As major pollinators and honey producers, honeybees make a major contribution to both the ecosystem and agriculture. They are also highly social insects, living in one of the most sophisticated societies found in non-vertebrates. The Honeybee Genome Sequencing Consortium has now reported in Nature1 the complete genome sequence of the European honeybee, Apis mellifera. Participating in the consortium was Michel Solignac and his team2 from Gif-sur-Yvette, who were responsible for the genetic mapping. “We hope that the genome sequence will help us understand the contribution of genetics to behavior,” comments Solignac.

Comparison of different insects' genome sequences indicates that the honeybee genome has evolved more slowly than that of other insects such as the fruit fly and the malaria mosquito. As a result, honeybee sequences show greater similarity to vertebrate sequences than most other insect sequences known so far.
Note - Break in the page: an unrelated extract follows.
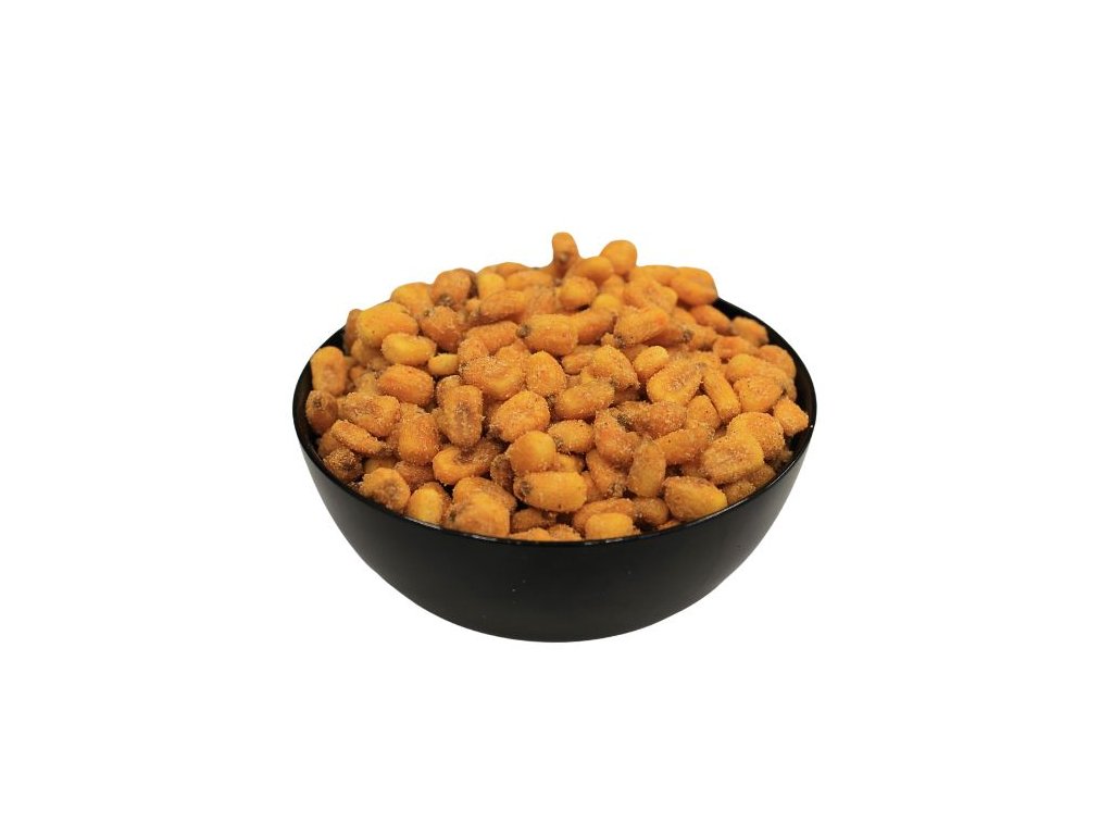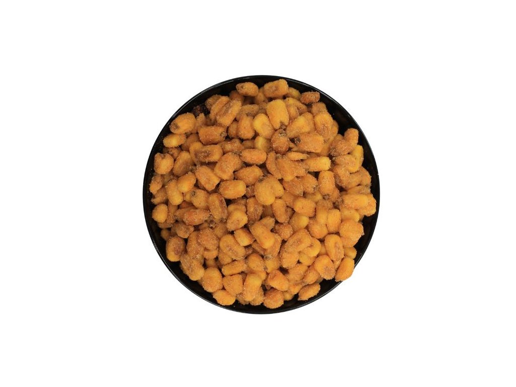 Dostatečně vysušené plody kukuřice žluto-hnědé barvy, které jsou posypány směsí koření s příchutí BBQ.

This is true for the honeybee's genes and gene families associated with circadian rhythms, learning, and memory. There is also evidence that systems controlling development in other insects have been adapted in the honeybee to control changes in behavior (from hive worker to forager, for example).
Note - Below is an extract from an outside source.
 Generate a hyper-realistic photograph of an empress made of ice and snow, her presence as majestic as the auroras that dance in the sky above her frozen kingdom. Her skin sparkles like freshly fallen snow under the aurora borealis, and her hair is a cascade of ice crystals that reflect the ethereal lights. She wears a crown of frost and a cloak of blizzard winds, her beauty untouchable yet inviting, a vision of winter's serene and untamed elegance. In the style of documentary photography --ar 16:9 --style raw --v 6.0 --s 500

Extensive genome sequence analysis has proved a rich vein of information. Honeybees have, for example, a particularly large number of genes for odorant receptors– consistent with both the need to recognize flower types and the importance of pheromones in communication between bees and in kin recognition. The honeybee also has numerous genes for making royal jelly proteins, whereas the fruit fly has only one such protein. Again, this reflects the social behavior of the insect, feeding its young and ensuring caste development (queens and workers). More surprisingly, the honeybee has relatively few genes involved in innate immunity or defense mechanisms; the lifestyle of this insect as a social animal living in crowded environments leaves it vulnerable to viral and bacterial diseases and parasites of all kinds. These are the first results: Further analysis will certainly give more insights into the relationships between genetics and social behavior.


Alex Edelman

Notes :

1. The Honeybee Genome Sequencing Consortium, “Insights into social insects from the genome of the honeybee Apis mellifera,” Nature. 443: 931-949. 2006.
2. Evolution, Génomes et Spéciation: Evolution, genomes and speciation (CNRS lab).